_ASSIGNMENT_: Set down, exactly and only, everything from the line containing "За время зимнего" down to the line containing "Як відомо, дискурси" in the data below; the pictures are not part of the copy.

_DATA PROVIDED_:
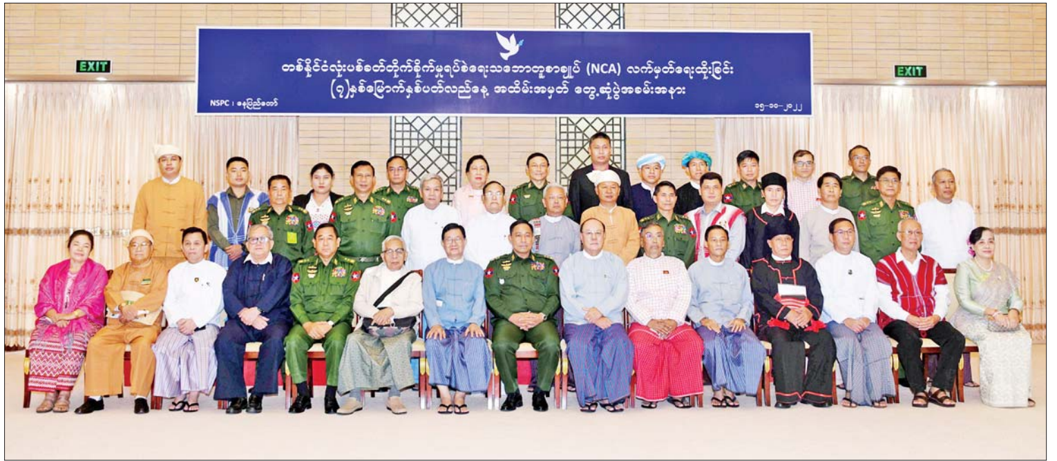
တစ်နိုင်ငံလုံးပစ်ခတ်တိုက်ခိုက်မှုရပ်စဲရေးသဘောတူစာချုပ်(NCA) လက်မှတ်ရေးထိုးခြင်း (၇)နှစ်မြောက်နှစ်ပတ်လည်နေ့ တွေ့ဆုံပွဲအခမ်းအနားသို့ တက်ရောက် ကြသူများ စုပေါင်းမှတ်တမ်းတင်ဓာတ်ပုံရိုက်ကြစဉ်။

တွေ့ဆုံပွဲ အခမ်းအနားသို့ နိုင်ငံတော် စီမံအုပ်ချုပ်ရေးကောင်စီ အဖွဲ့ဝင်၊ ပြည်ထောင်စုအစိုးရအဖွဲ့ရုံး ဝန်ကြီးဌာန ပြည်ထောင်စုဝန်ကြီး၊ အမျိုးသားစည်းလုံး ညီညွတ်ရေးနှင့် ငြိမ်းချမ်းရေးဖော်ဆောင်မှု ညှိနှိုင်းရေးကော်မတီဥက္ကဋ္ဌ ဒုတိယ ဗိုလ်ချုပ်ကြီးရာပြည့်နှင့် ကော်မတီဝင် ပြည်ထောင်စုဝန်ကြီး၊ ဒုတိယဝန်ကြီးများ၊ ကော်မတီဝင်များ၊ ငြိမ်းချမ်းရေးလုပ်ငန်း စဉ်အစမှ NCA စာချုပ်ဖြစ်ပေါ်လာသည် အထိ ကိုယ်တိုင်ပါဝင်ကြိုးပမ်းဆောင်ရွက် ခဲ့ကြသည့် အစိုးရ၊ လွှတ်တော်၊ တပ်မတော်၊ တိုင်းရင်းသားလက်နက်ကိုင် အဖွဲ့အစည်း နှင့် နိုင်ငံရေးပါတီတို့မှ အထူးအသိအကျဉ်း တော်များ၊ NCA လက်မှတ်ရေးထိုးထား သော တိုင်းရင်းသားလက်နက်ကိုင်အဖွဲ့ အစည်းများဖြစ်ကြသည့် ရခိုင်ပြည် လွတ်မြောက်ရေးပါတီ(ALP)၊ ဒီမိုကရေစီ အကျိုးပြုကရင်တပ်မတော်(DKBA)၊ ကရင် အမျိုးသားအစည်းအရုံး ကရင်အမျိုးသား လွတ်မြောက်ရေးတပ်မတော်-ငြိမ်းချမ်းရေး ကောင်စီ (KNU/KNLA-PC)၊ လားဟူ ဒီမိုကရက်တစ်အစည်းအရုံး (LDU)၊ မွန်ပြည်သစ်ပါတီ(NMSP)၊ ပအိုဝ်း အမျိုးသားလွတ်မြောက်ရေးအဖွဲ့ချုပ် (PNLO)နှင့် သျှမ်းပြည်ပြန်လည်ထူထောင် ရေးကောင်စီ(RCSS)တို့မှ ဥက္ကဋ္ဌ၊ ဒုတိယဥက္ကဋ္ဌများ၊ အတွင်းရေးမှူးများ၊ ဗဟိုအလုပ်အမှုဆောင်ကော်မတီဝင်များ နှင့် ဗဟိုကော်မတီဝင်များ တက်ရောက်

...

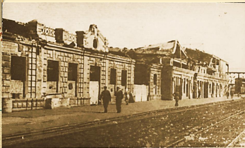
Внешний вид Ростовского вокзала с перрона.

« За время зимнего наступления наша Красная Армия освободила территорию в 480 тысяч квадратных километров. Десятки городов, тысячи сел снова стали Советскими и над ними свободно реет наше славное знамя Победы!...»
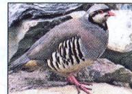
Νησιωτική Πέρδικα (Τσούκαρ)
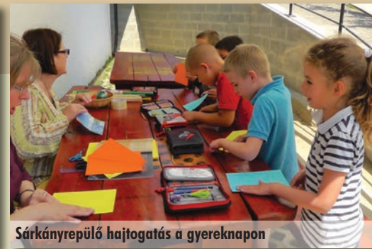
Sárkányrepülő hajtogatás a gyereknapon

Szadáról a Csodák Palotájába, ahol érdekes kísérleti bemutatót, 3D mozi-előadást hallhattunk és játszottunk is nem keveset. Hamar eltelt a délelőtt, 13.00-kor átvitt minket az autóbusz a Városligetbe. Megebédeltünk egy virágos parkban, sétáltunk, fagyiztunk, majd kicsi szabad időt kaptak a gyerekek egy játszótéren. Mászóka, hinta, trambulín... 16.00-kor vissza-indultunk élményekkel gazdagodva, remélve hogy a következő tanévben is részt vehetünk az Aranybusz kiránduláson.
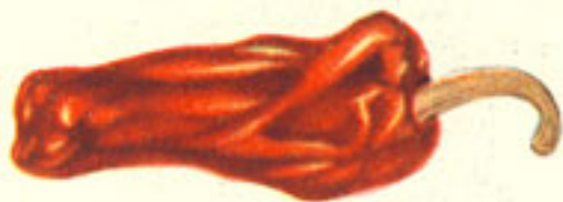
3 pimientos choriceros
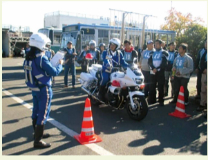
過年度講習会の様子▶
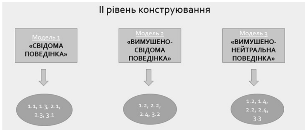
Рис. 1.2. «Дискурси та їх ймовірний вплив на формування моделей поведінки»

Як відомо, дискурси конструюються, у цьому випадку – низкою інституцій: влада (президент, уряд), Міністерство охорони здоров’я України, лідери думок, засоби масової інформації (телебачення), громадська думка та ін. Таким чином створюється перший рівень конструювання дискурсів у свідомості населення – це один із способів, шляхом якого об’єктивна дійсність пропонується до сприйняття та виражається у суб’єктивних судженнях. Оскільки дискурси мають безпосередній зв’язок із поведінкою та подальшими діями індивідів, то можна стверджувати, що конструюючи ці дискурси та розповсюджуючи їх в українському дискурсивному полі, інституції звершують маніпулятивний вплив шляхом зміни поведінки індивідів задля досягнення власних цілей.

==

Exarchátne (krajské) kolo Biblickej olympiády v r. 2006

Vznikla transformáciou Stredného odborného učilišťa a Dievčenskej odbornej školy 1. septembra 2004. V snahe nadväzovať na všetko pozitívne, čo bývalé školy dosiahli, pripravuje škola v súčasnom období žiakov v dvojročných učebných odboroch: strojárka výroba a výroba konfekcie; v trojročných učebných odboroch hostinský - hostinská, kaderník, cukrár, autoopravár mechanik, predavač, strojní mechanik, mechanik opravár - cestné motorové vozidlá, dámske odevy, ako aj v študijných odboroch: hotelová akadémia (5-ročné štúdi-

_RESULT OF THIS TASK_:
« За время зимнего наступления наша Красная Армия освободила территорию в 480 тысяч квадратных километров. Десятки городов, тысячи сел снова стали Советскими и над ними свободно реет наше славное знамя Победы!...»
Νησιωτική Πέρδικα (Τσούκαρ)
Sárkányrepülő hajtogatás a gyereknapon

Szadáról a Csodák Palotájába, ahol érdekes kísérleti bemutatót, 3D mozi-előadást hallhattunk és játszottunk is nem keveset. Hamar eltelt a délelőtt, 13.00-kor átvitt minket az autóbusz a Városligetbe. Megebédeltünk egy virágos parkban, sétáltunk, fagyiztunk, majd kicsi szabad időt kaptak a gyerekek egy játszótéren. Mászóka, hinta, trambulín... 16.00-kor vissza-indultunk élményekkel gazdagodva, remélve hogy a következő tanévben is részt vehetünk az Aranybusz kiránduláson.
3 pimientos choriceros
過年度講習会の様子▶
Рис. 1.2. «Дискурси та їх ймовірний вплив на формування моделей поведінки»

Як відомо, дискурси конструюються, у цьому випадку – низкою інституцій: влада (президент, уряд), Міністерство охорони здоров’я України, лідери думок, засоби масової інформації (телебачення), громадська думка та ін. Таким чином створюється перший рівень конструювання дискурсів у свідомості населення – це один із способів, шляхом якого об’єктивна дійсність пропонується до сприйняття та виражається у суб’єктивних судженнях. Оскільки дискурси мають безпосередній зв’язок із поведінкою та подальшими діями індивідів, то можна стверджувати, що конструюючи ці дискурси та розповсюджуючи їх в українському дискурсивному полі, інституції звершують маніпулятивний вплив шляхом зміни поведінки індивідів задля досягнення власних цілей.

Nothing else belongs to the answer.